Data is the lifeblood of automation. There seems to be a fundamental misunderstanding in the automatability of tasks, and a belief that only low skilled jobs are in jeopardy. The truth of the matter is that the requisite skills for a job are just a tiny contributing factor, and it is much more important to know if a current machine learning construct exists for the specific task and if enough data is available. For example, although a radiologist is a highly skilled profession, machine learning models outperform radiologist in spotting cancerous and other anomalies. The reason is that the construct of image analysis and medical object identification is a lively area with a lot of money and data thrown at it.

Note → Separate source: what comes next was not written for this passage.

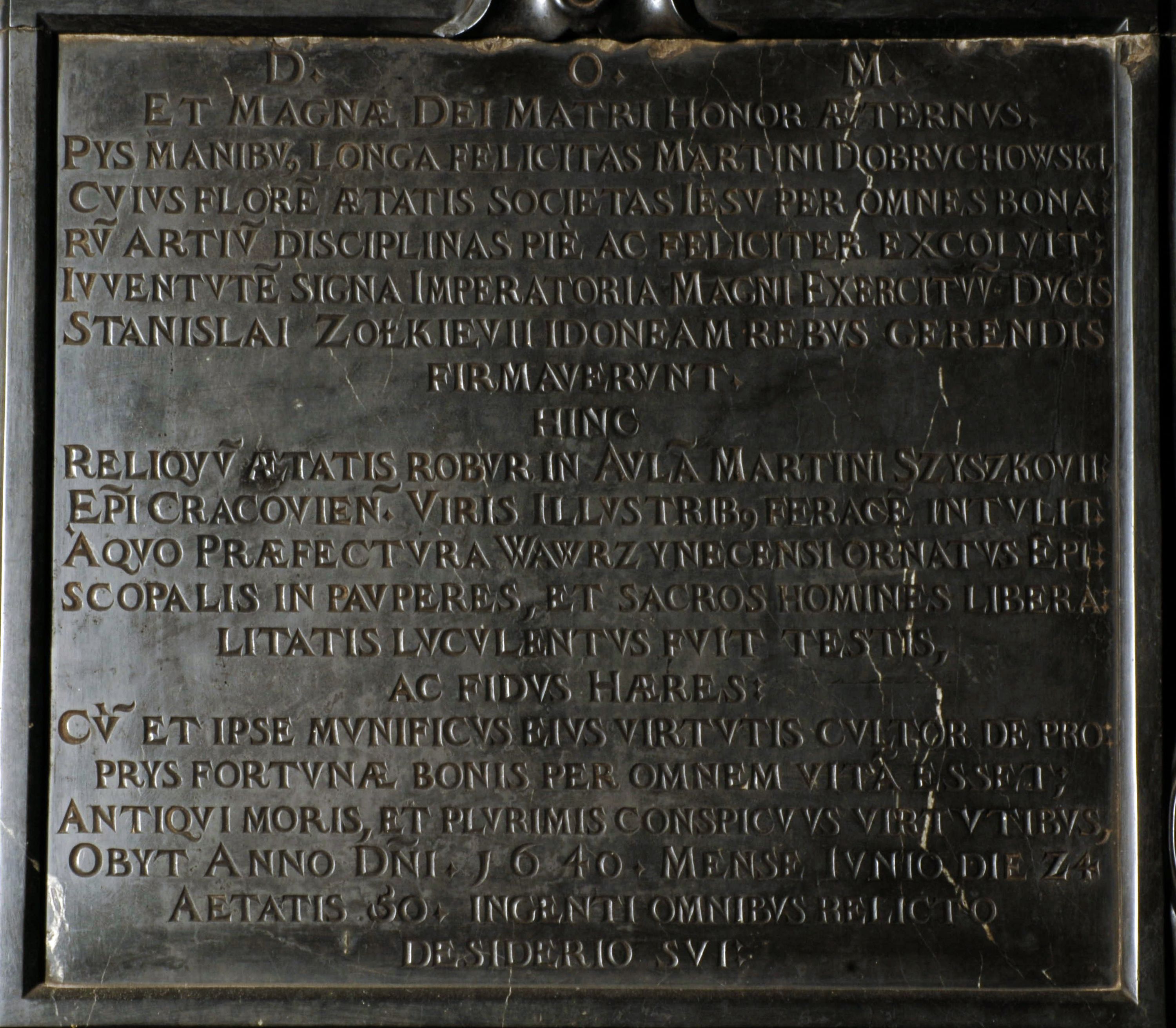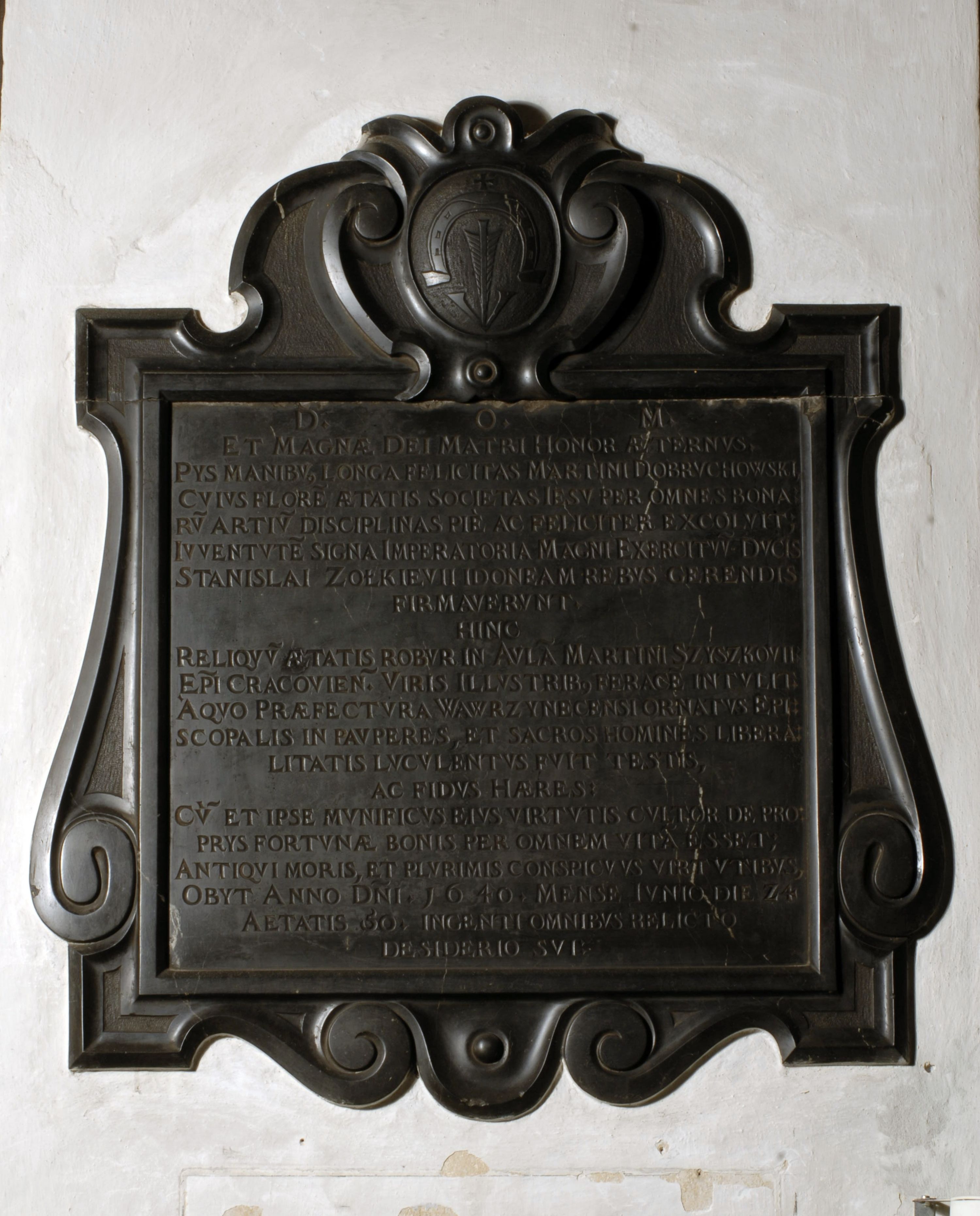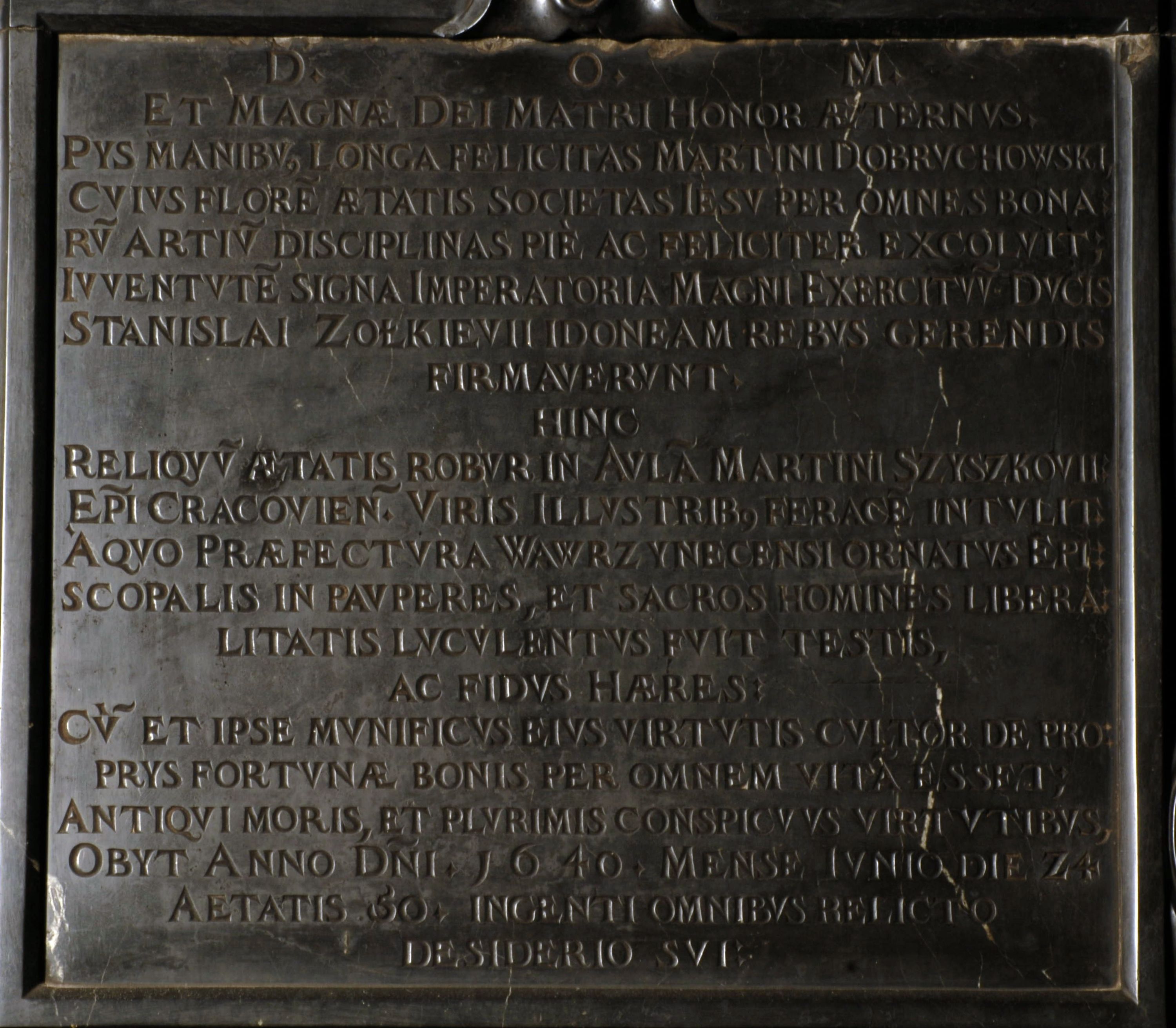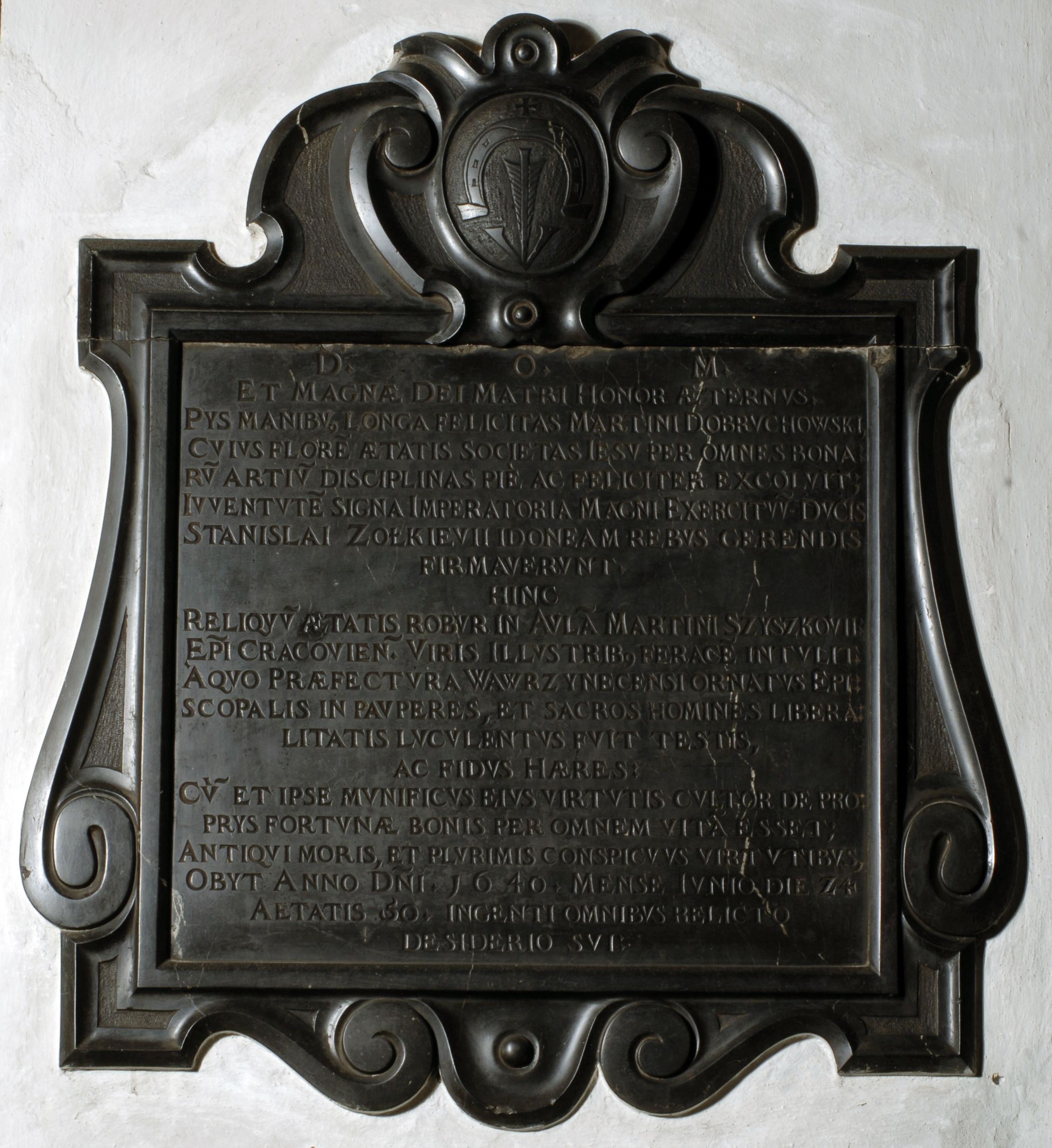 The epitaph plaque of father Marcin Dobruchowski, a soldier of Stanisław Żółkiewski and a courtier of Cracovian bishop Marcin Szyszkowski, was probably made of Dębnik marble (a material extremely popular in Polish art of the Baroque era) in the workshop in Dębnik or Cracow, after his death in 1640.

Skilled staff at JP Morgan Chase have suffered a similar fate; a new contract intelligence programme was established to interpret commercial-loan agreements that previously required 360k hours of legal work by lawyers and loan officers (Son, 2017). Other tasks include post-allocation requests at UBS and policy pay-outs at Fukoku Mutual Life Insurance. Again, natural language processing for legal documents is a lively field with a lot of money and data thrown at it. What should also be noted is that machine learning is very task-driven and that jobs that are task-specific are at risk of dissolving. Norman Weiner, the founder Cybernetics left us with a forewarning in his book eponymously titled book, ‘’…remember that the automatic machine is the precise equivalent of slave labor. Any labour which compete with slave labor must accept the economic consequences of slave labor.” There is a good economic argument to be made that machine learning is coming for the most expensive human-capital tasks first, so hold on to your hat.